Dependency Parsing

How to compile

Suppose that ZPar has been downloaded to the directory zpar. To make a dependency parsing system for English, type make english.depparser. This will create a directory zpar/dist/english.depparser, in which there are two files: train and depparser. The file train is used to train a parsing model, and the file depparser is used to parse new texts using a trained parsing model. Similarly, we can make a dependency parsing system for Chinese by typing make chinese.depparser. The train and depparser files are created under the directory of zpar/dist/chinese.depparser.

Format of inputs and outputs

The input file to the train executable contains a set of parse trees. An example parse tree is as follows:


Ms.        NNP    1
Haag       NNP    2
plays      VBZ    -1
Elianti    NNP    2
.          .      2

Here the first column represents the words of the sentence; the second column contains POS tags of the words; the third column represents the indices of the heads of the words. Indices start from 0. For example, the head index of the word Ms. is 1, which means its head is Haag. The head index for the root word of the sentences is -1. Note that, in each line tab characters are used to separate a word, a POS tag, and an index.

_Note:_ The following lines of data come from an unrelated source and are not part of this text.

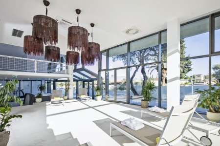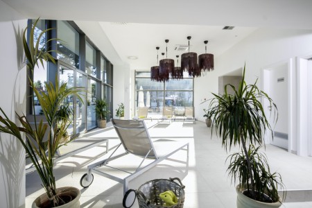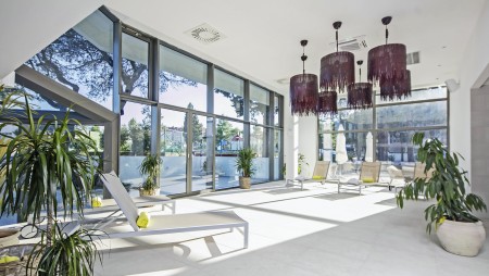 Wellness-center: Više od 200 m² velika spa zona u Aminess Vival Port9 Resortu nudi finsku saunu, prostor za opuštanje, fitness studio i whirlpool. U Beauty zoni dostupne su masaže, tretmani lica i tijela.
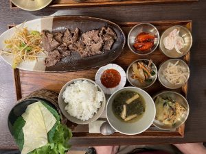 あと「和牛プルコギグリル焼き定食」、飲み物は梨ジュースとボンボンジュース(ぶどう)。
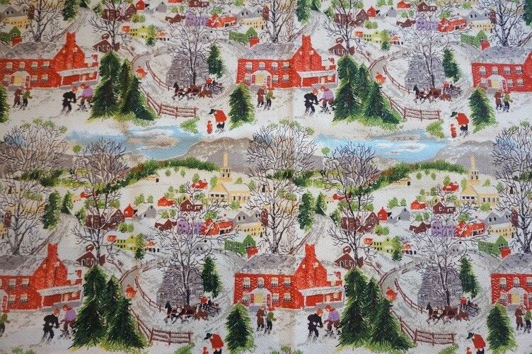 アメリカ・ニューヨークのテキスタイルディーラーの紹介です。 アメリカのフォークアート画家 グランマモーゼス Grandma Moses 『Deep Snow』アメリカ製 ヴィンテージファブリック サイズ58cmx37cm 6シーン入っています。
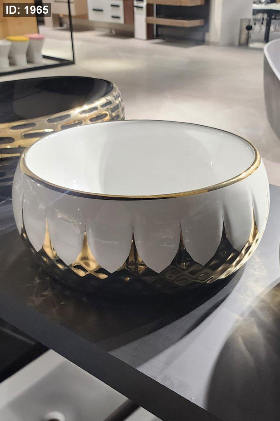 ديكور خارجي ذهبي مع شكل بتلات متكررة يمنح الحوض مظهر فندقي فاخر.

The input file to the depparser executable contains POS tagged sentences. The formats for English and Chinese are different.

English:

 Ms./NNP Haag/NNP plays/VBZ Elianti/NNP

Chinese:

 ZPar_NR 可以_MD 分析_VV 中文_NN 和_CC 英文_NN

For Chinese, inputs to both train and depparser must be encoded in utf8.

How to train a model

To train a model, use

 zpar/dist/english.depparser/train <train-file> <model-file> <number of iterations>

For example, using the English example train file, you can train a model by

 zpar/dist/english.depparser/train train.txt model 1

After training is completed, a new file model will be created in the current directory, which can be used to parse POS-tagged sentences. The above command performs training with one iteration (see How to tune the performance of a system) using the training file.

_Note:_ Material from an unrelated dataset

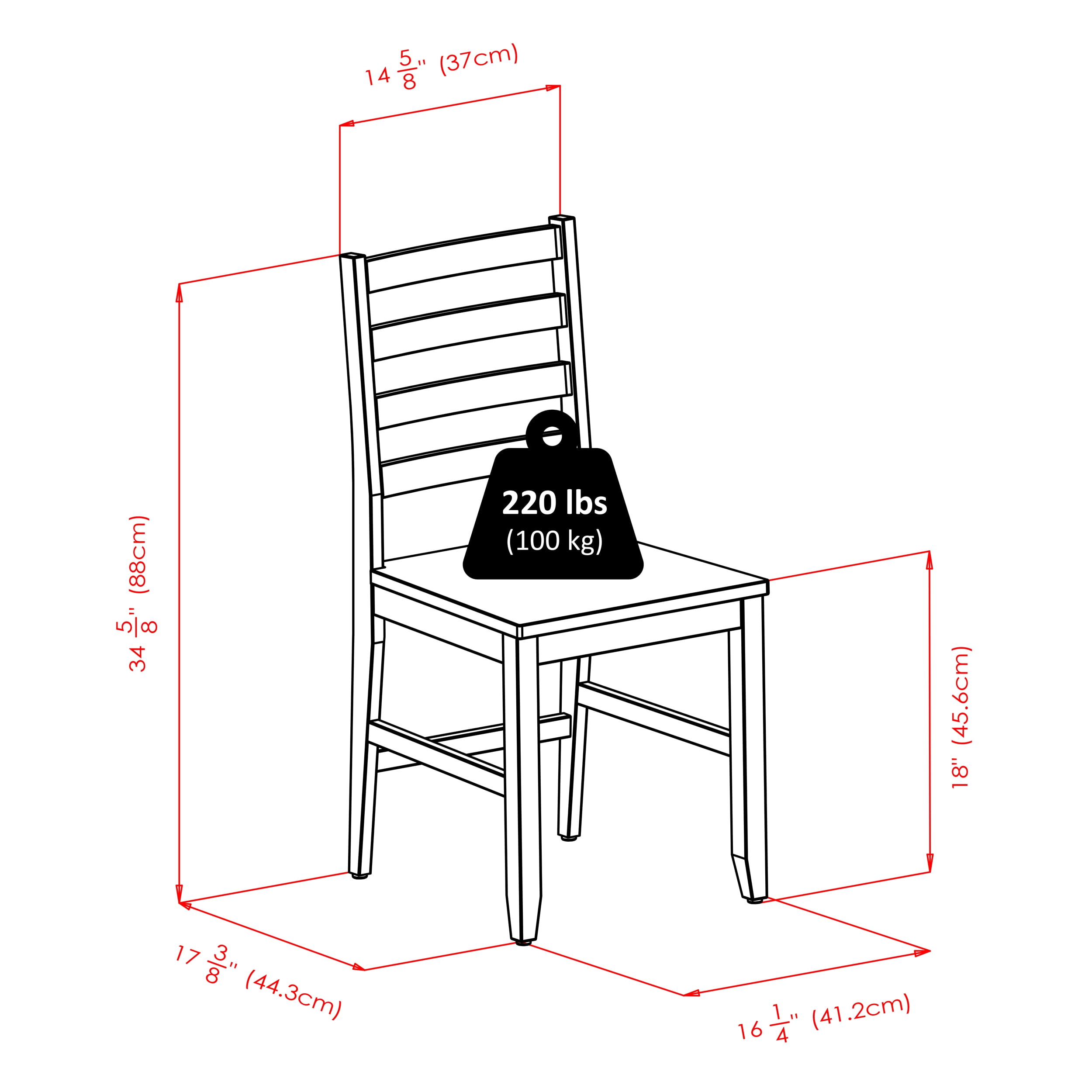 Winsome Wood Taylor 3-Pc Drop Leaf Dining Table with 2 Ladder Back Chairs, Walnut: Transitional style Taylor collection 3-Pc dining set Walnut finish Constructed of solid wood Assembly required Ships in 2 boxes Box 1, item #94145 Drop leaf table with drawer Overall dimensions: 41.73″W x 30.51″D x 29.13″H Top surface (fully extended) dimensions: 41.73″W x 30.51″D Top surface (leaf down) dimensions: 41.73″W x 15.26″D Drawer (interior) dimensions: 21.50″W x 10.83″D x 2.40″H Static weight capacity: top 100 lbs, leaf 75 lbs, drawer 15 lbs Item weight: 44.24 lbs Box dimensions: 44.75″L x 33.50″W x 6.50″H Shipping weight: 54.45 lbs Box 2, item #94236 Set of 2 ladder-back chairs Overall dimensions: 16.54″W x 18/.63″D x 34.65″H Seat dimensions: 16.54″W x 16.46″D Seat height: 17.98″ Static weight capacity: 220 lbs Item weight: 15 lbs Box dimensions: 38″L x 19.40″W x 8.75″H Shipping weight: 35 lbs Kit model #94368

The commands for training Chinese parsing models are the same. For example, using the Chinese example train file, you can train a model by

 zpar/dist/chinese.depparser/train train.txt model 1

How to parse new texts

To apply an existing model to parse new texts, use

 zpar/dist/english.depparser/depparser <model> <input-file> <output-file>

For example, using the model we just trained, we can parse an example input by

 zpar/dist/english.depparser/depparser model input.txt output.txt

The output file contains automatically parsed trees. The commands for parsing Chinese texts are the same. See an example of Chinese input file.

Outputs and evaluation

In order to evaluate the quality of the outputs, we can manually specify the gold parse trees of a sample, and compare the outputs with the correct sample.

Manually specified parse trees of the input file are given in this example reference file (find a Chinese reference file here). Here is a Python script that performs automatic evaluation.

Using the above output.txt and reference.txt, we can evaluate the accuracies by typing

 python evaluate.py output.txt reference.txt

You can find the precision, recall, and f-score here. See the explanation of these measures on Wikipedia.

How to tune the performance of a system

The performance of the system after one training iteration may not be optimal. You can try training a model for another few iterations, after each you compare the performance. You can choose the model that gives the highest f-score on your test data. We conventionally call this test file the development test data, because you develop a parsing model using this. Here is a a shell script that automatically trains the parser for 30 iterations, and after the ith iteration, stores the model file to model.i. You can compare the f-score of all 30 iterations and choose model.k, which gives the best f-score, as the final model. In this file, this is a variable called zpar. You need to set this variable to the relative directory of zpar/dist/english.depparser or zpar/dist/chinese.depparser.

Source code

The source code for the English dependency parser can be found at

 zpar/src/common/depparser/implementation/ENGLISH_DEPPARSER_IMPL

where ENGLISH_DEPPARSER_IMPL is a macro defined in Makefile, and specifies a specific implementation for the English dependency parser.

The source code for the Chinese dependency parser can be found at

 zpar/src/common/depparser/implementation/CHINESE_DEPPARSER_IMPL

where CHINESE_DEPPARSER_IMPL is a macro defined in Makefile, and specifies a specific implementation for the Chinese dependency parser.

Reference

Yue Zhang and Stephen Clark. 2008. A Tale of Two Parsers: Investigating and Combining Graph-based And transition-based Dependency Parsing Using Beam-search. In Proc. of EMNLP, pages 562-571.
Yue Zhang and Joakim Nivre. 2011. Transition-based Dependency Parsing with Rich Non-local Features. In Proc. of ACL, pages 188-193.